In the latter case, before going any further, I need to say this one last time, to make it absolutely clear: Few circumstances really require you to edit the Registry by hand. Back up the Registry, or at least the section you want to change, before making any changes.

In the next few sections, I'll cover the basics of the Registry Editor.

Viewing the Registry

The Registry Editor doesn't have a Start menu item.

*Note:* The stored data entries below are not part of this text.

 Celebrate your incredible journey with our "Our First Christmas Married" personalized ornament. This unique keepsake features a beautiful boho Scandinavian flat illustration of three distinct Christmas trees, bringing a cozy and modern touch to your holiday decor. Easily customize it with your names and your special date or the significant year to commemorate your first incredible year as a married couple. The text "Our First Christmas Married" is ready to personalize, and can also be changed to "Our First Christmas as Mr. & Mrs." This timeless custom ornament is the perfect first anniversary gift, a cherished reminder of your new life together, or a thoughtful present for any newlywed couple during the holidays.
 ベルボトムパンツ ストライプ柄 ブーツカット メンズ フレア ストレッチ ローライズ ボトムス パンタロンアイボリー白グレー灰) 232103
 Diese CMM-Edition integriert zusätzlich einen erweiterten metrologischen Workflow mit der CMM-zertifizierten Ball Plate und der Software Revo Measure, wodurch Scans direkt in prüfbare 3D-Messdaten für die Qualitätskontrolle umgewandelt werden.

You must run it from the Start, Run dialog. Enter regedit and click OK.

Regedit displays a two-pane display much like Explorer, as shown in Figure 32.5. The top-level keys, which are listed below My Computer, can be expanded just like drives and folders in the Explorer. In the pane on the right are the values for each key. The name of the current selected key is shown in the status bar.

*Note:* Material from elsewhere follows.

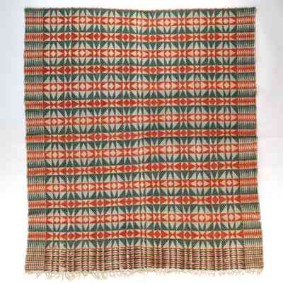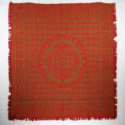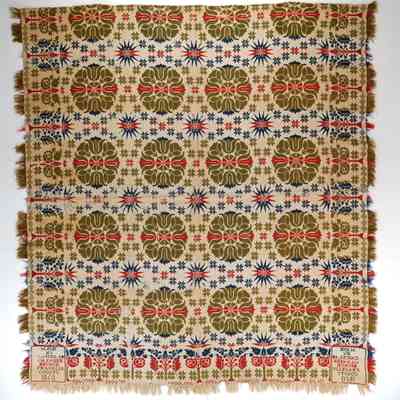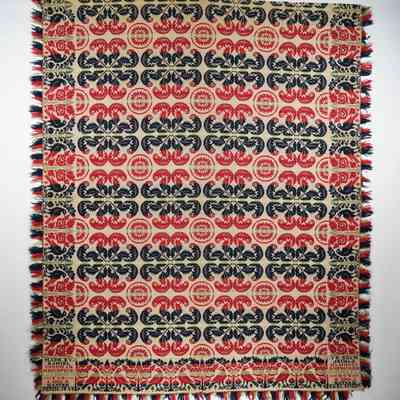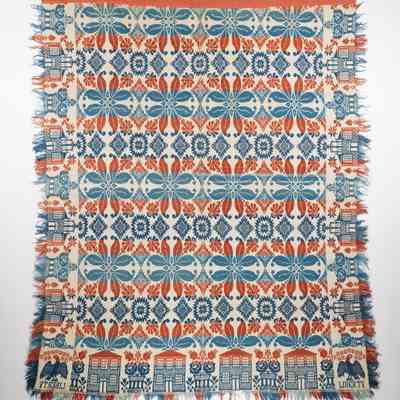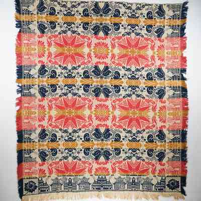 Power-woven coverlet, ca. 1876, doubleweave; "Memorial Hall"

Figure 32.5. The Regedit screen shows keys on the left and values on the right.

Values have names, just as the files in a folder do, and it's here that configuration information is finally stored. Each key has a (Default) value, which is the value of the key itself, and any number of named values. For example, in Figure 32.5, key HKEY_CURRENT_USER\Desktop is shown. The value of HKEY_CURRENT_USER\Desktop itself is undefined (blank), and the value HKEY_CURRENT_USER\Control Panel\Desktop\CoolSwitch is 1.

Registry values have a data type, which is usually one of the types shown in Table 32.3.

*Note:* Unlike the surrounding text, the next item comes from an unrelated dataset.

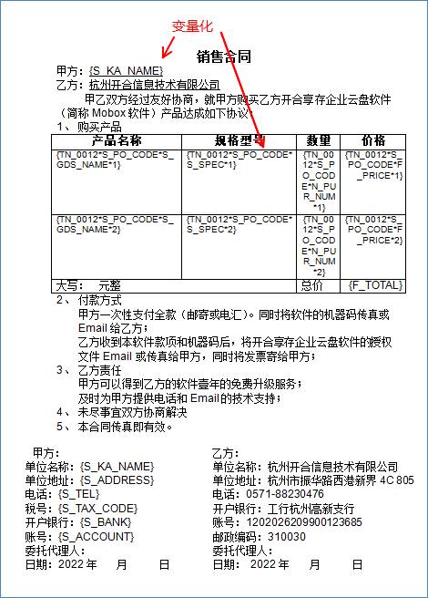 - 有開合信息公司的技術支持,幫助定義合同打印功能

Table 32.3. Data Types Supported by Regedit

REG_SZ

Textual information, a simple string of letters

REG_DWORD

A single number displayed in hexadecimal or decimal

REG_BINARY

Binary data, displayed as an arbitrary number of hexadecimal digits

REG_MULTI_SZ

A string that can contain more than one line of text

REG_EXPAND_SZ

Text that can contain environment variables (such as %TEMP%)

Other data types such as REG_DWORD,_BIG_ENDIAN, and REG_FULL_RESOURCE_DESCRIPTOR exist, but they are obscure, rare, and can't be edited with Regedit.

Searching in the Registry

You can search for a Registry entry by key name, value name, or the contents of a value string. First, select a starting point for the search in the left pane. You can select My Computer to select the entire Registry, or you can limit your search to one of the top-level keys or any subordinate key. Next, select Find from the menu, and enter a search string into the Find dialog. The Find feature is not case sensitive, so upper- and lowercase don't matter. You can check any of the Look At boxes, as shown in Figure 32.6, to designate where in the Registry you expect to find the desired text: in the name of a key, in the name of a value, or in the data, the value itself.

Figure 32.6. In the Find dialog, you can select whether to search key names, value names, or value data.

Check Match Whole String Only to search only for items whose whole name or value is the desired string.

NOTE

Most of the time I check all the Look At boxes but not Match Whole String Only.

Select Find Next to start the search. The Regedit display indicates the first match to your string, and by pressing F3, you can repeat the search to look for other instances.

TIP

The search function has two limitations:

  • You can't enter a backslash (\) in the search string when looking for a key or value name; Regedit won't complain, but it won't find anything either.

  • You can't search for the initial HKEY_xxx part of a key name. That's not actually part of the name; it's just the section of the Registry in which the key resides.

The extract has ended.